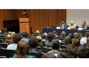 Asimismo, Pamela Pérez Ponce, también integrante del SBEI, obtuvo mención honorífica en la categoría de Licenciatura. La becaria purépecha de Michoacán, licenciada en Ciencia Política y Administración Pública por la Facultad de Ciencias Políticas y Sociales (FCPyS), realizó un abordaje sobre el gobierno autónomo indígena de Cherán K’eri.
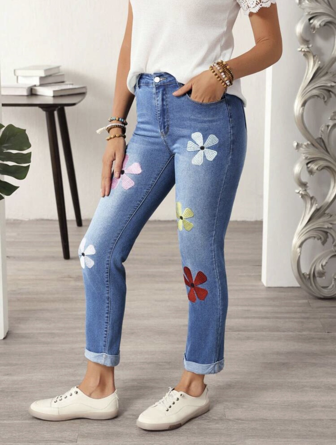 Jeans Dama Flores
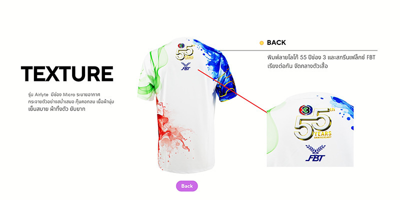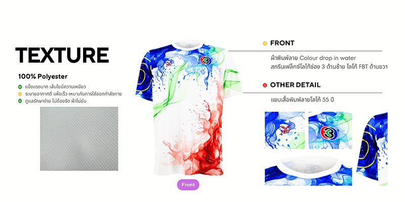 ด้านหลัง : พิมพ์ลายโลโก้ 55 ปี ช่อง 3 และสกรีนเฟล็กซ์ FBT เรียงต่อกัน จัดวางกลางตัวเสื้ออย่างโดดเด่น
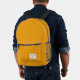 This american nostalgia style classic backpack in mustard yellow features a patch style emblem with a monogram name and framed border, featuring informal handwritten script and modern block typography. The text can be customised with your name for a design as unique as you are!
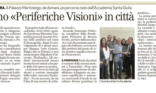 Riportiamo l'articolo estratto dal Bresciaoggi del 3 ottobre 2019 che da spazio alla mostra Periferiche Visioni che inaugura a Palazzo Martinengo Cesaresco di Brescia, all'interno della rassegna gestita da Fondazione Provincia di Brescia eventi "6 al Martinengo", il 4 ottobre p.v..
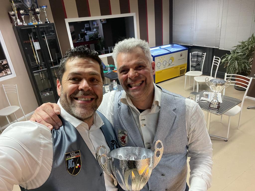 La coppia maremmana si aggiudica la quarta prova valida per la qualificazione ai campionati italiani a coppie dopo un ottimo girone eliminatorio. Francioli e Neri hanno avuto ragione della concorrenza nel girone finale dove erano presenti i migliori giocatori toscani di eccellenza. “Giornata fantastica” commenta Francioli che dopo un inizio sofferto si è imposto sulla coppia fiorentina Giovanni Messeri ed a seguire in finale contro il nazionale Agnorelli e Guidi. Risultato che proietta la coppia grossetana nelle prime posizioni della classifica regionale di categoria. “Siamo felici del grande risultato sofferto e inaspettato, ma dobbiamo dire che siamo una coppia affiatata ed abbiamo espresso un ottimo livello di gioco”. I due atleti ringraziano l’associazione sportiva Accademia Grosseto che ha permesso loro di allenarsi in uno degli impianti più belli della provincia con sei tavoli da biliardo in via Zircone 20/1 a Grosseto.
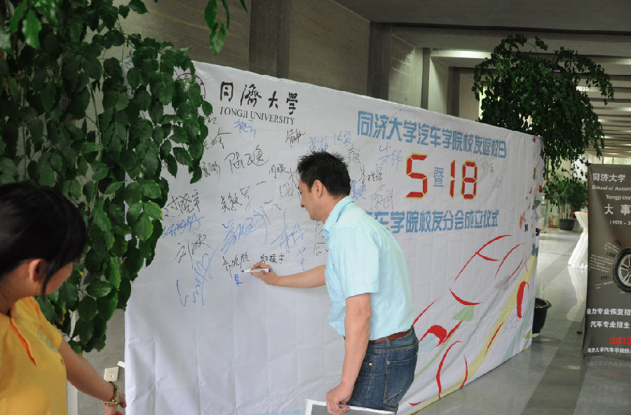 “同谋汽车路,济续母校情”【5·18济得回嘉·同济大学汽车学院校友返校日暨同济大学汽车校友分会成立仪式】今日在同济大学嘉定校区汽车学院(宁远馆)底楼大厅举行。同济大学校长助理、汽车学院院长余卓平教授,同济大学校友会秘书长郑晓蕾老师,汽车学院副院长吴志军教授、汽车学院党委副书记曹静老师等学校、学院老师出席活动。前来参加活动的还有同济大学汽车学院78级至07级的校友以及08级即将毕业的本科生共近二百余人。
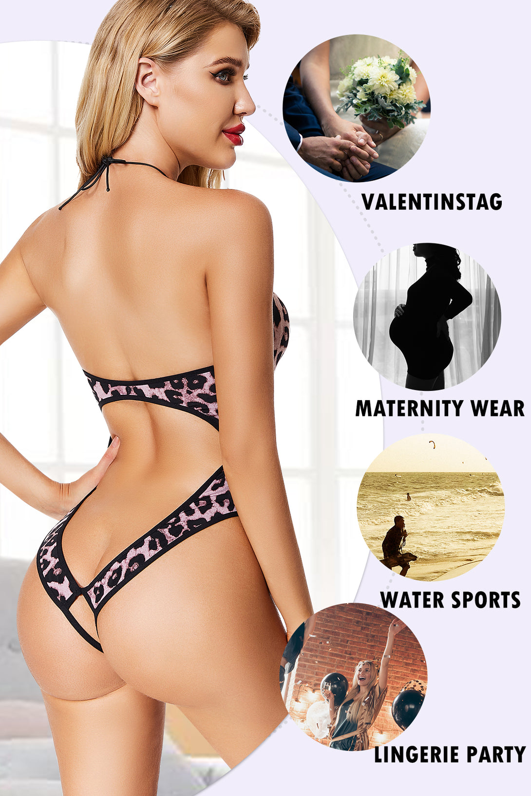 - ღ Lace halter teddy bodysuit lingerie for women features a deep plunging neckline, halter straps and open crotch design. You can go to the bathroom without taking off the whole teddy lingerie. Easy to put on and off.The cute lingerie will make you more flattering.
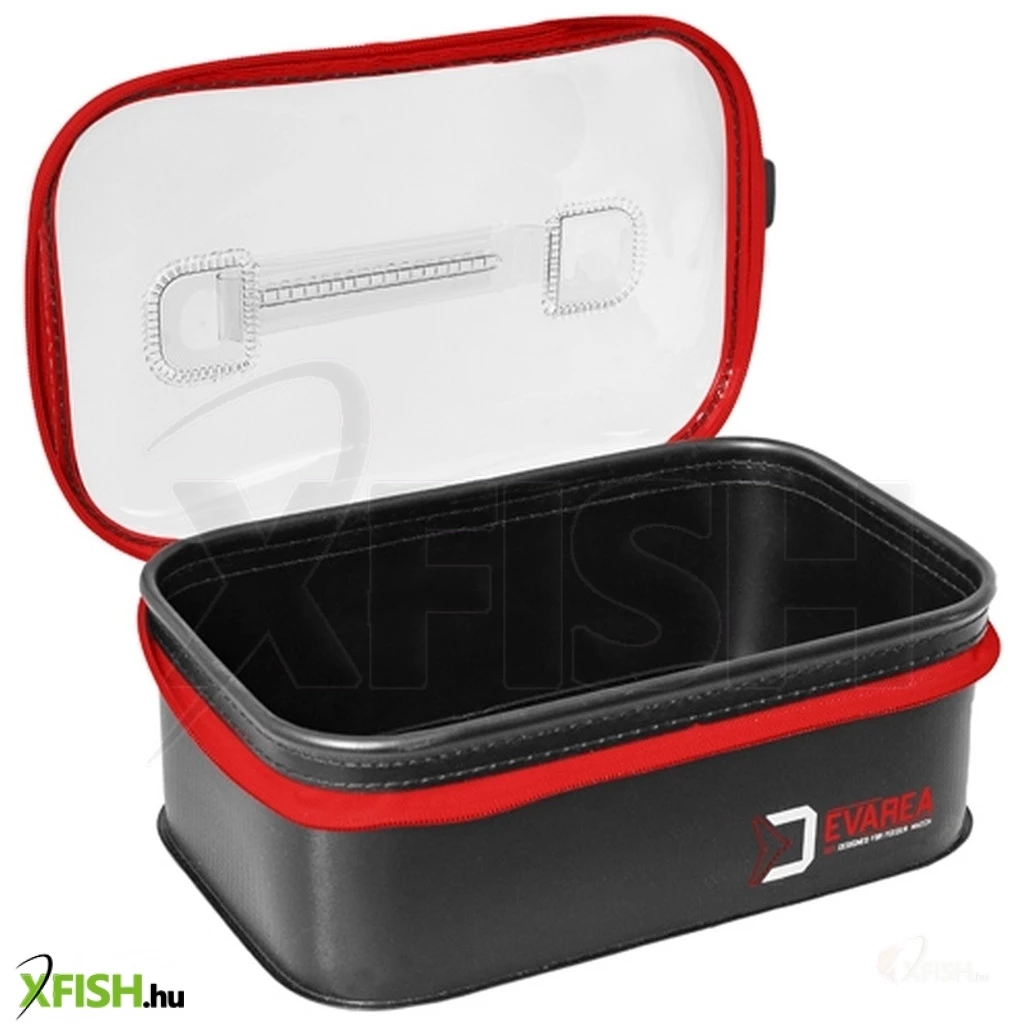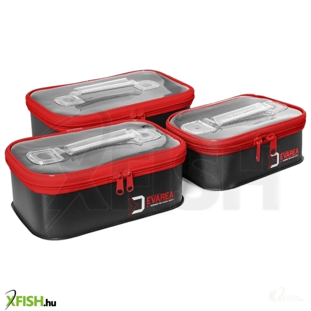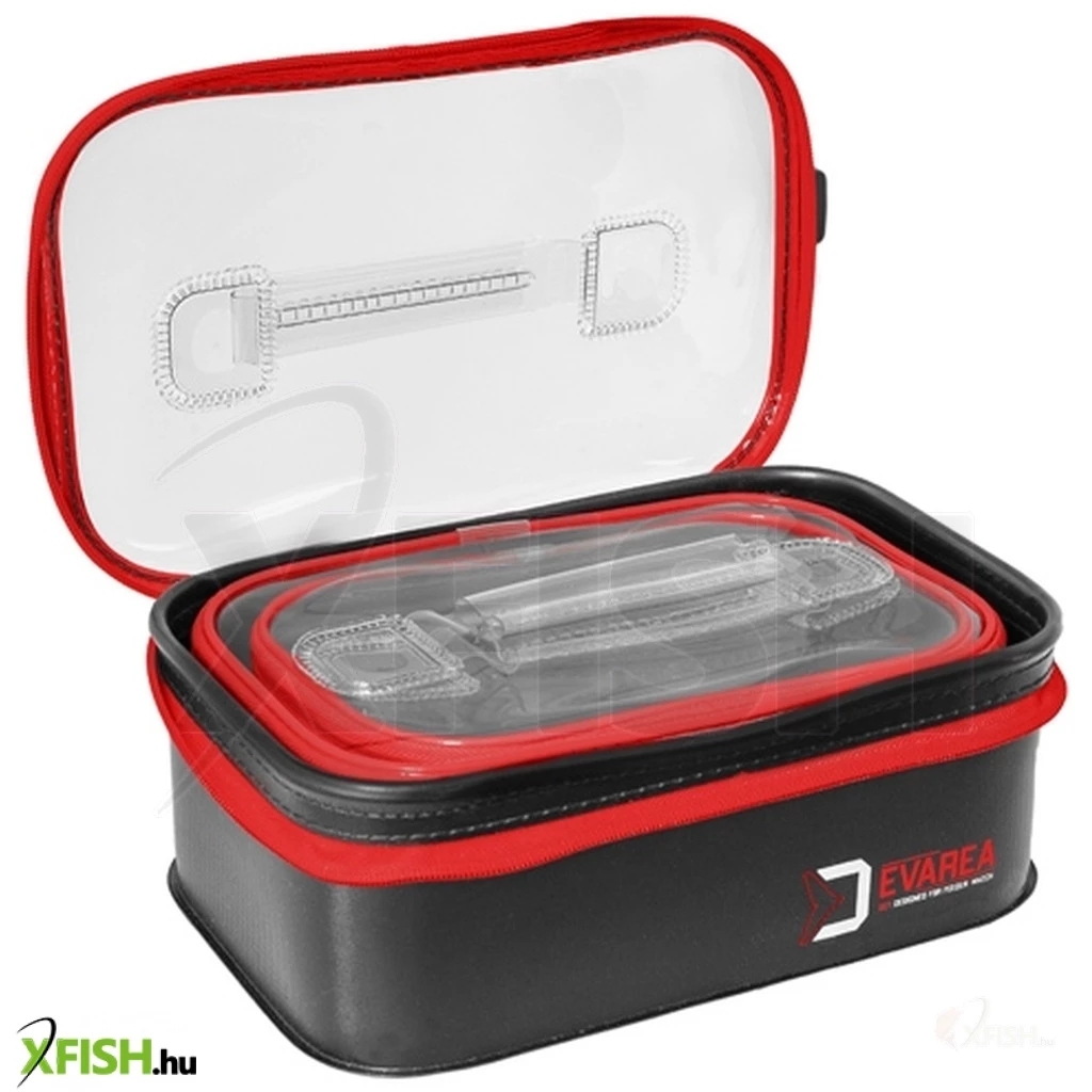 A Delphin EVAREA szett praktikus három szögletes téglalap alakú műanyag táskából áll, különféle horgász felszerelések vagy apró cikkek tárolására. A táskák feketék és piros cipzárral vannak ellátva, amelyek bezárják fedelét. A fedél átlátszó anyagból készül, amely tökéletes áttekintést nyújt a benne levő dolgokról. A fedél tetején praktikus markolat található. Az alsó rész kemény EVA anyagból készül, és ha valami kiömlött a belsejében, nem folyik ki belőle. Moshatóak belülről és kívülről is.
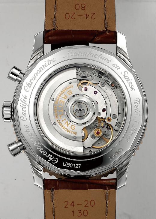 百年灵刚推出自制机芯时只有特殊款式有透明底盖,儘管现在也有愈来愈多一般款式做透明底盖了,但43mm的Navitimer仍然是实底盖,比起来46mm的有机芯可看也成了另一个卖点。
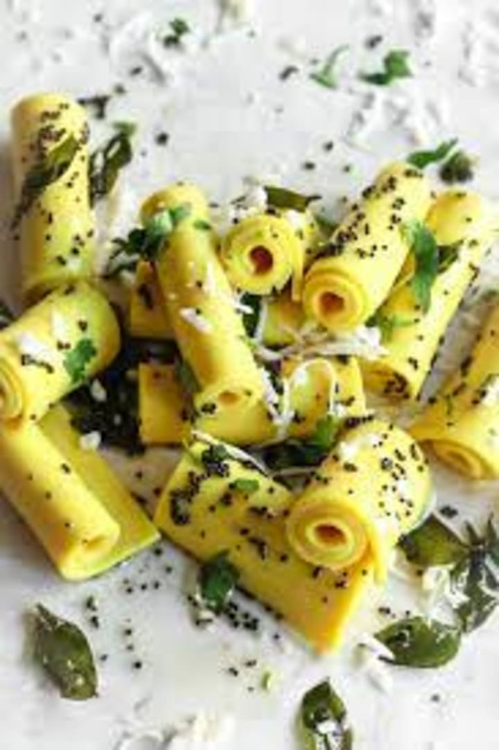 Khandvi is made up of thin layers of gramme flour that have been cooked with buttermilk and pushed up into soft sweetness along with a few different ingredients like sesame seeds that have been sautéed. It is essentially compelling due to the simple but fragrant garnishing of curry leaves, coriander, sautéed cumin, mustard, and coconut. Both Gujaratis and Maharashtrians are familiar with this snack, which is also known as "suralichya wadya" in Maharashtra. Everyone loves this meal, but none can deny that it can be tricky to prepare, especially when it comes to getting the player consistency just perfect. Khandvi is a delicious snack that is light on the stomach and gratifying on the tongue. It is perfect for breakfast or a delicious after-dinner treat.
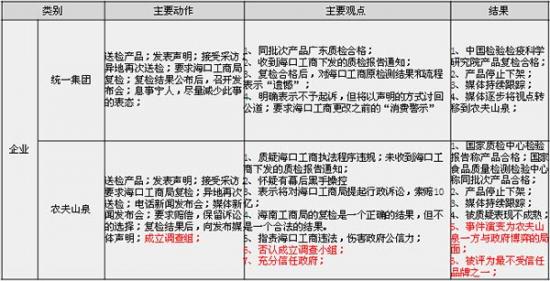 编者按 2009年11月,海南省海口市工商局发出消费警示,表示在对该市部分批发市场、商场、农贸市场、超市等销售的各类饮料食品进行抽样初检后,发现农夫山泉广东万绿湖有限公司生产的30%混合果蔬(生产日期:2009年6月27日,规格:500毫升/瓶)、农夫山泉广东万绿湖有限公司生产的水溶C100西柚汁饮料(生产日期:2009年8月16日,规格:445毫升/瓶)、统一企业(中国)投资有限公司生产的蜜桃多汁(生产日期:2009年8月22日,规格:250毫升/瓶)中成分超标,超标的成分是总砷。海口市工商局的消费警示还表示,上述结果经过了海南省出入境检验检疫局检验和海口市卫生防疫站复检证实。消息一出,统一和农夫山泉深陷“砒霜门”的新闻遍布了各大门户网站。
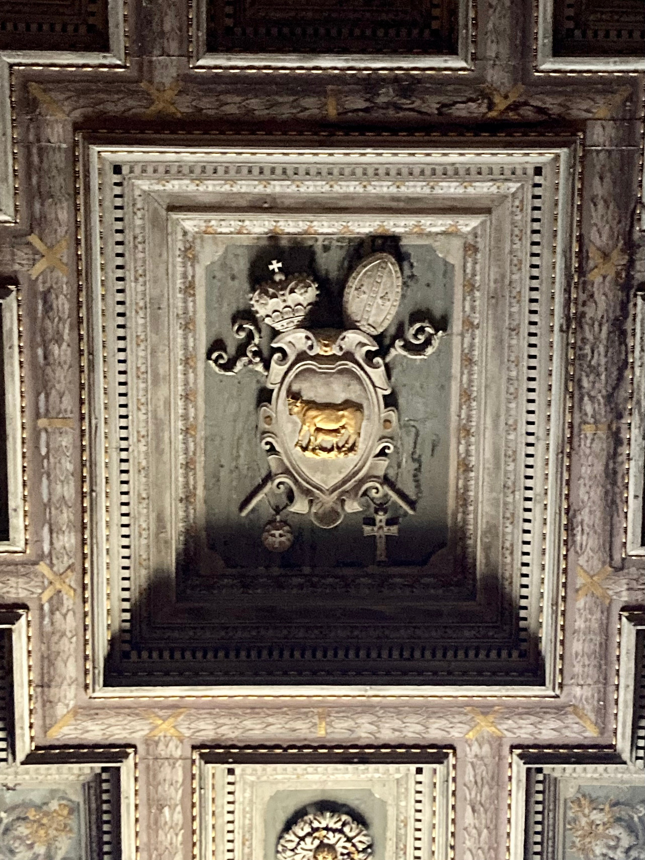 가운데 어미소의 젖을 물고 있는 송아지의 모습은 이곳의 수도자들이 예수님 대하는 것처럼 찾아오는 사람들을 극진하게 맞이한다는 뜻이고 그 위에 있는 정교회 주교의 모자와 지팡이 그리고 로마교회 주교의 모자와 지팡이는 두 교회 안에 동시에 속해있다는 것을 의미하고 있습니다.

::::

### What you will do
Extract the run of lines from the line holding "编者按 2009年11月,海" through the final line of the material above, exactly and inclusively. Leave the pictures behind.

### Task result
 编者按 2009年11月,海南省海口市工商局发出消费警示,表示在对该市部分批发市场、商场、农贸市场、超市等销售的各类饮料食品进行抽样初检后,发现农夫山泉广东万绿湖有限公司生产的30%混合果蔬(生产日期:2009年6月27日,规格:500毫升/瓶)、农夫山泉广东万绿湖有限公司生产的水溶C100西柚汁饮料(生产日期:2009年8月16日,规格:445毫升/瓶)、统一企业(中国)投资有限公司生产的蜜桃多汁(生产日期:2009年8月22日,规格:250毫升/瓶)中成分超标,超标的成分是总砷。海口市工商局的消费警示还表示,上述结果经过了海南省出入境检验检疫局检验和海口市卫生防疫站复检证实。消息一出,统一和农夫山泉深陷“砒霜门”的新闻遍布了各大门户网站。
 가운데 어미소의 젖을 물고 있는 송아지의 모습은 이곳의 수도자들이 예수님 대하는 것처럼 찾아오는 사람들을 극진하게 맞이한다는 뜻이고 그 위에 있는 정교회 주교의 모자와 지팡이 그리고 로마교회 주교의 모자와 지팡이는 두 교회 안에 동시에 속해있다는 것을 의미하고 있습니다.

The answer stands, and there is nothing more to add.